This is not a travel book – Dasgupta, whose father moved from India to Britain, moved from Britain to India in 2000 and has been living there ever since, all of which makes for a strangely convoluted inside/outside perspective which would be very interesting in itself. But while the author does give us a brief overview of his family history, and consistently brings his own subjectivity into the foreground, putting the many interviews he has led into context and never letting us forget that we are getting an individual perspective on India’s rise to economic power, Dasgupta’s aims are more ambitious than just a narrative of his own experiences.

The main part of Capital consists of Delhi natives telling of their lives – Rana Dasgupta has talked to a large number of people for this book, mostly those who have profited by the recent boom, India’s new “middle class” (although, as Dagupta points out, it consists of only about 10% of India’s total population and is middle only compared to an even smaller section being even richer). He focuses on those people because his main interest lies in India’s so-called “emergence” as an economic global player, and it is that new middle class which instigated the boom and which profits from it. But Capital does not treat this boom as an isolated event, the book is also interested in the causes and consequences of that rise to wealth and power – for the causes, Dasgupta recapitulates a lot of Indian history from 1857 onwards and then ties it back into the present again by interviewing people who are in some kind connected to that history and can testify to the way it leaves its mark on contemporary India, thus letting past and present illuminate each other. And this in turn, he uses to examine the consequences of the exploding wealth on both individuals and society – sometimes drawing parallels (as when he notes that an Indian entrepreneur behaves in Africa very much like British Imperialists did in India), sometimes remarking on the way traditions helped expedite India’s “emergence” (as when the skill set Indian merchant families developed in forming advantageous connections came in handy with the globalization of business) but most often mourning traditions and knowledge that have been lost from former times.

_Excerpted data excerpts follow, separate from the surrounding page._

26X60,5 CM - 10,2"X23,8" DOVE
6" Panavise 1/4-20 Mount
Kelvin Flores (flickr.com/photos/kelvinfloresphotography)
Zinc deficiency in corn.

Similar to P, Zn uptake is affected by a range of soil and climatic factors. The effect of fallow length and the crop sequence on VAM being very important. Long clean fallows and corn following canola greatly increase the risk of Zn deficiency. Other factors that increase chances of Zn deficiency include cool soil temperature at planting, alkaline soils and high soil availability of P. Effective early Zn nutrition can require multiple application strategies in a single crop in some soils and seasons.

It becomes clear very soon that Dasgupta is deeply skeptical about the improvements that India’s “emergence” has brought to the general populace; he interviews several people from outside the middle classes that have experienced the poverty and deprivation the boom as brought for the many along with the wealth it brought for the few. And even when he talks to those few, the author never loses sight of the swath of destruction the boom has cut through Indian society, the devastation and despair it has left in its wake. And not only does it become increasingly clear that the misery caused is every bit as mind-bogglingly huge as the wealth created, it turns out that many of the people who have become extremely rich are not even particularly happy with their wealth, plagued from a nagging suspicion that they did not really earn it and desperately looking for anything that would justify their sudden affluence. But even as Dasgupta chronicles the misery and injustice the sudden wealth has brought, he keeps an open mind for the positive side of the changes – time and again, the reader can feel the author’s admiration for the limitless energy and boundless enthusiasm of India’s new entrepreneurs. The way they are open for new ideas and often come up with completely new and unexpected solutions for problems constitutes some glimmer of hope in the otherwise rather bleak picture Capital paints, the hope that from their inventiveness and originality might rise yet unthought-of ways to deal with the increasing amount of problems globalization has brought with it.

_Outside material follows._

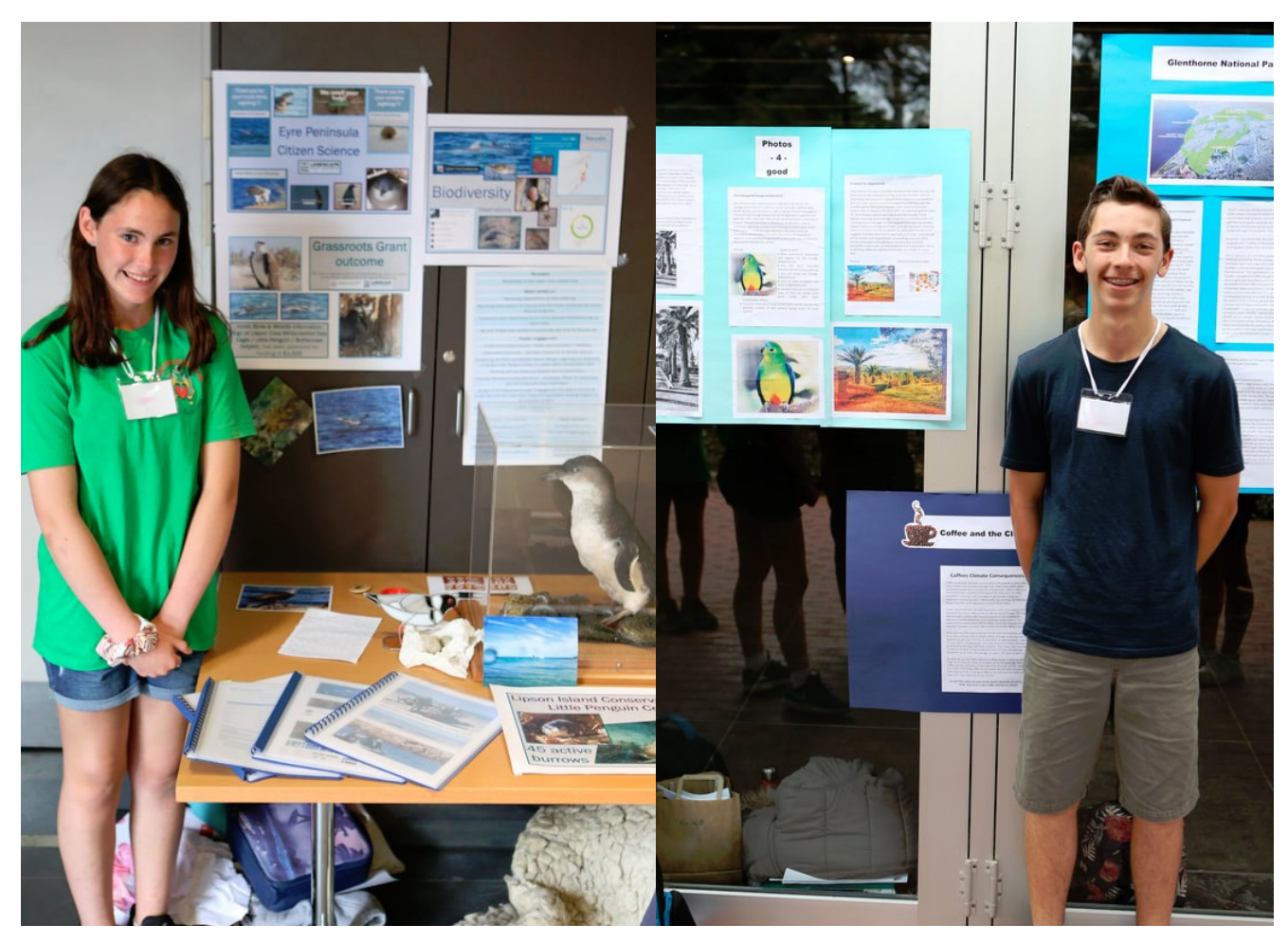
YEC members with their project displays

There will be an opportunity to set up your display demonstrating your YEC project. Your display space will be based on the information you provide us in the RSVP form. Your name will be on your display area at the start of the day so you know where to set up. Staff, guests and YEC members will get to see your project display during the day. You do not need to give a presentation to the big group but have conversations about your project in small groups.

All of this would have been very interesting to read on its own, but it’s not what makes Capital such an outstanding book. What distinguishes from other essays or journalism on the subject is that Dasgupta brings a novelist’s sensibility to it – which is not mean to say that Capital was a work of fiction (not more than anything written and narrated is, in any case), or that it “reads like a novel” (it does not) but rather that the book was constructed and written by someone conscious of form and language. This is made clear from the start by the ironic reference to T.S. Eliot’s The Waste Land, continues in the way in which Dasgupta threads his book through with recurring themes and motifs, but is most striking in the way he crystallizes all the complex history and economics into a single place, a single city, how he makes Delhi the focal point of an analysis that seeks to not only capture the state of contemporary India but nothing less than the present state of the world. And I do not only mean that he does it, but indeed how he does it, for a large part of the reason he succeeds so well in this ambitious project (as well, at least, as anyone can with something so inherently impossible – Rana Dasgupta’s own endeavour with Capital has more than a bit of the madcap schemes several of his interview partners are hedging) lies not in his covincing argument, the extensively researched data and the sharp analysis but in the way he manages to capture Delhi’s atmosphere in his descriptions, from the throngs of people in the streets to the desolate wasteland of development areas, from the misery of the slums to the cool and isolated places where the rich isolate themselves from the masses. Capital captures both the ugliness and the beauty of Delhi, and by embedding his interviews and analysis into dense, atmospheric descriptions manages to both heighten his argument and give more definition to his descriptions, thus transcending the regionalism of his immediate subject into not just a picture of present-day India but of the current state of the world.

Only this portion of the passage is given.